Explanation for Hadoop Mapreduce Console Output

2019-02-05 09:57发布

问题:

I am newbie in hadoop environment. I already set up 2 node cluster hadoop. then I run sample mapreduce application. (wordcount actually). then I got output like this

    File System Counters
    FILE: Number of bytes read=492
    FILE: Number of bytes written=6463014
    FILE: Number of read operations=0
    FILE: Number of large read operations=0
    FILE: Number of write operations=0
    HDFS: Number of bytes read=71012
    HDFS: Number of bytes written=195
    HDFS: Number of read operations=404
    HDFS: Number of large read operations=0
    HDFS: Number of write operations=2
Job Counters 
    Launched map tasks=80
    Launched reduce tasks=1
    Data-local map tasks=80
    Total time spent by all maps in occupied slots (ms)=429151
    Total time spent by all reduces in occupied slots (ms)=72374
Map-Reduce Framework
    Map input records=80
    Map output records=8
    Map output bytes=470
    Map output materialized bytes=966
    Input split bytes=11040
    Combine input records=0
    Combine output records=0
    Reduce input groups=1
    Reduce shuffle bytes=966
    Reduce input records=8
    Reduce output records=5
    Spilled Records=16
    Shuffled Maps =80
    Failed Shuffles=0
    Merged Map outputs=80
    GC time elapsed (ms)=5033
    CPU time spent (ms)=59310
    Physical memory (bytes) snapshot=18515763200
    Virtual memory (bytes) snapshot=169808543744
    Total committed heap usage (bytes)=14363394048
Shuffle Errors
    BAD_ID=0
    CONNECTION=0
    IO_ERROR=0
    WRONG_LENGTH=0
    WRONG_MAP=0
    WRONG_REDUCE=0
File Input Format Counters 
    Bytes Read=29603
File Output Format Counters 
    Bytes Written=195

Are there any explanation about every data which I got? especially,

  1. Total time spent by all maps in occupied slots (ms)
  2. Total time spent by all reduces in occupied slots (ms)
  3. CPU time spent (ms)
  4. Physical memory (bytes)
  5. Virtual memory (bytes) snapshot
  6. Total committed heap usage (bytes)

回答1:

Mapreduce framwork maintains counters while the job has been submitted for execution.

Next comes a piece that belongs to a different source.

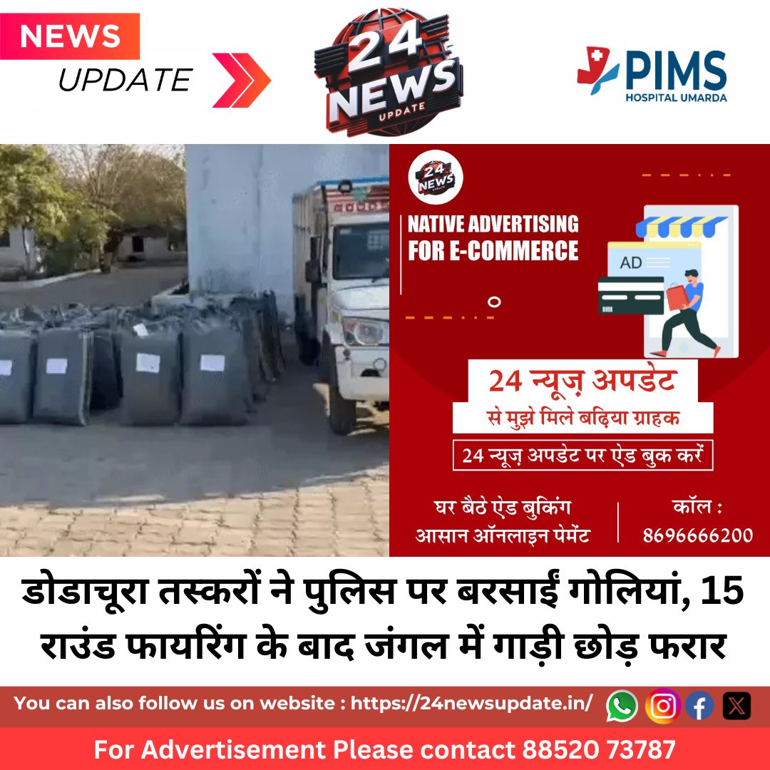 24 News Update प्रतापगढ़। जिले के धरियावद थाना क्षेत्र में मादक पदार्थ तस्करों और पुलिस के बीच देर रात मुठभेड़ जैसे हालात बन गए। पीछा कर रही पुलिस टीम पर बदमाशों ने करीब 15 राउंड फायरिंग कर दी। जवाबी कार्रवाई के बाद आरोपी पिकअप वाहन को जंगल में छोड़कर फरार हो गए। पुलिस ने मौके से एक करोड़ रुपए से अधिक कीमत का डोडाचूरा और एक जिंदा कारतूस बरामद किया है।एसपी बी. आदित्य ने बताया कि 22 मार्च को डीएसटी टीम को सूचना मिली थी कि एक संदिग्ध पिकअप वाहन धमोतर से धरियावद की ओर आ रहा है। सूचना पर थानाधिकारी हजारीलाल और डीएसटी प्रभारी प्रताप सिंह के नेतृत्व में टीम ने पाचागुड़ा स्थित एक रिसॉर्ट के पास नाकाबंदी कर दी।सोमवार तड़के करीब 4 बजे बांसी की ओर से आ रही पिकअप को रुकने का इशारा किया गया, लेकिन उसमें सवार दो युवकों ने पिस्टल दिखाते हुए नाकाबंदी तोड़ दी और वाहन को आरामपुरा के जंगल की ओर दौड़ा दिया। पुलिस ने पीछा किया तो बदमाशों ने फायरिंग शुरू कर दी। करीब 15 राउंड गोलियां चलने के बाद पुलिस ने भी जवाबी फायरिंग की, जिसके बाद आरोपी वाहन को करीब 10 किलोमीटर अंदर जंगल में छोड़कर अंधेरे का फायदा उठाते हुए फरार हो गए।घटना के बाद आरपीएस शक्ति दायमा, क्यूआरटी और डीएसटी टीमों ने इलाके में सघन तलाशी अभियान चलाया, लेकिन आरोपी हाथ नहीं लगे। पिकअप की तलाशी लेने पर उसमें 38 कट्टों में भरा 762 किलो 150 ग्राम अवैध डोडाचूरा बरामद हुआ, जिसकी अनुमानित कीमत 1 करोड़ 14 लाख 80 हजार रुपए आंकी गई है। साथ ही एक जिंदा कारतूस भी मिला है। Share this: Share on X (Opens in new window) X Share on Facebook (Opens in new window) Facebook More Email a link to a friend (Opens in new window) Email Share on WhatsApp (Opens in new window) WhatsApp Like this:Like Loading... Related Discover more from 24 News Update Subscribe to get the latest posts sent to your email. Type your email… Subscribe Post navigation जिले मे चलायी जा रही ई – बस को भीलवाड़ा से ढिकोला तक रूट जोड़ा जाए होली के रंग में सियासी संगम, सागवाड़ा में कांग्रेस ने भरी चुनावी हुंकार

These counters are shown to user for understaing job statistics and to see benchmarks and performance analysis. Your job output has shown you some of the counters. There is a good explanation in definitive guide chapter 8 about the counters, i suggest you to check it once.

To explain about the items you asked for,

1) Total time spent by all maps - The total time taken running map tasks in milliseconds. Includes tasks that were started speculatively (Speculative means running a failed or slow job after waiting for specified time, in lament terms a speculative job means re-run of any particular map task).

2) Total time spent by all reduces - The total time taken running reduce tasks in milliseconds.

3) CPU Time - The cumulative CPU time for a task in milliseconds

4) Physical memory - The physical memory being used by a task in bytes, memory here counts the total memory used for spills as well.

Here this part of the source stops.